Nalcor will have problems supplying MF power to Nova Scotia? #nlpoli #cdnpoli

Energy analyst Tom Adams has an interesting observation on why Nalcor and Emera are having a hard time finishing their agreement.

Adams believes that a detailed analysis of Muskrat Falls generating capacity and electricity demand will create a situation where “Nova Scotia gets nothing or close to nothing when customers there need it most.”  [Emphasis in original]

As Adams lays it out:

During the times of the year when Holyrood would have been running near capacity, all on-island generation [in Newfoundland] will be running flat-out (as it does today) and Muskrat Falls will not be able to supply enough power to move any significant amount of power to Nova Scotia. This is because in Jan./Feb./Mar. the maximum output of Muskrat Falls will be about 500 MW due to the seasonality of water flow.

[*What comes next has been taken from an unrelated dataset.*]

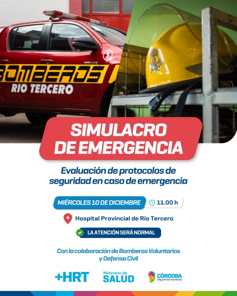 RÍO TERCERO – Este miércoles 10 de diciembre, las inmediaciones del Hospital Provincial de Río Tercero serán escenario de un importante despliegue operativo. Sin embargo, no se trata de una crisis real, sino de un simulacro de incendio programado para las 11:00 horas, diseñado para evaluar y fortalecer la capacidad de respuesta ante situaciones críticas.
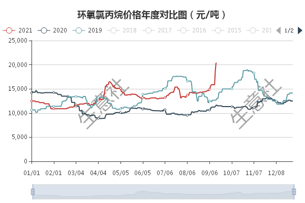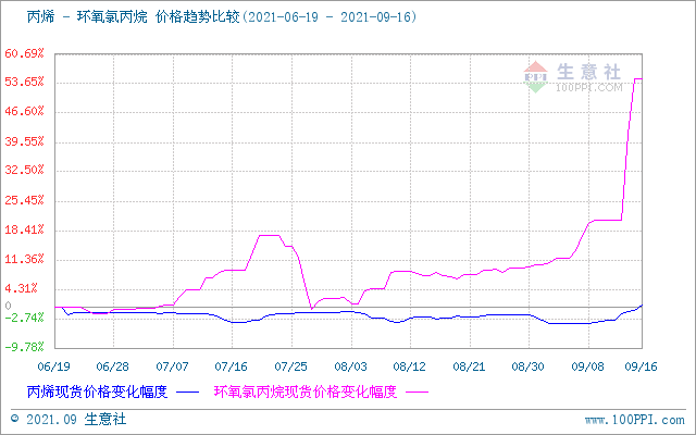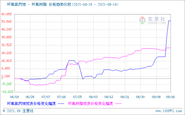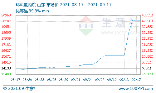 据生意社大宗榜数据显示,截止到9月17日上午,环氧氯丙烷企业报价均价为20333.33元/吨,与周一价格相比上涨了28.15%,与8月17日价格相比上涨了43.87%,以三个月为周期同比上涨了55.22%。

This maximum output is after taking into account the operation of the Upper Churchill facility upstream which is contractually bound to maximize winter production for sales to Quebec.

Hang on, some of you will be saying.  Adams has left out 324 megawatts.  He mentions 500 MW but the Muskrat Falls dam is supposed to produce 824 MW.

Yeah, well, not really according to Adams.

Adams took a closer look at information Nalcor supplied to the public utilities board.  Adams believes that the Nalcor information presents an ideal scenario.  In actual operation,  Adams believes the plant will crank out 577 MW.  According to Adams, “this corresponds to 5.05 TWh of production — i.e. pretty close to the [official] project estimate of 4.9 TWh of production.”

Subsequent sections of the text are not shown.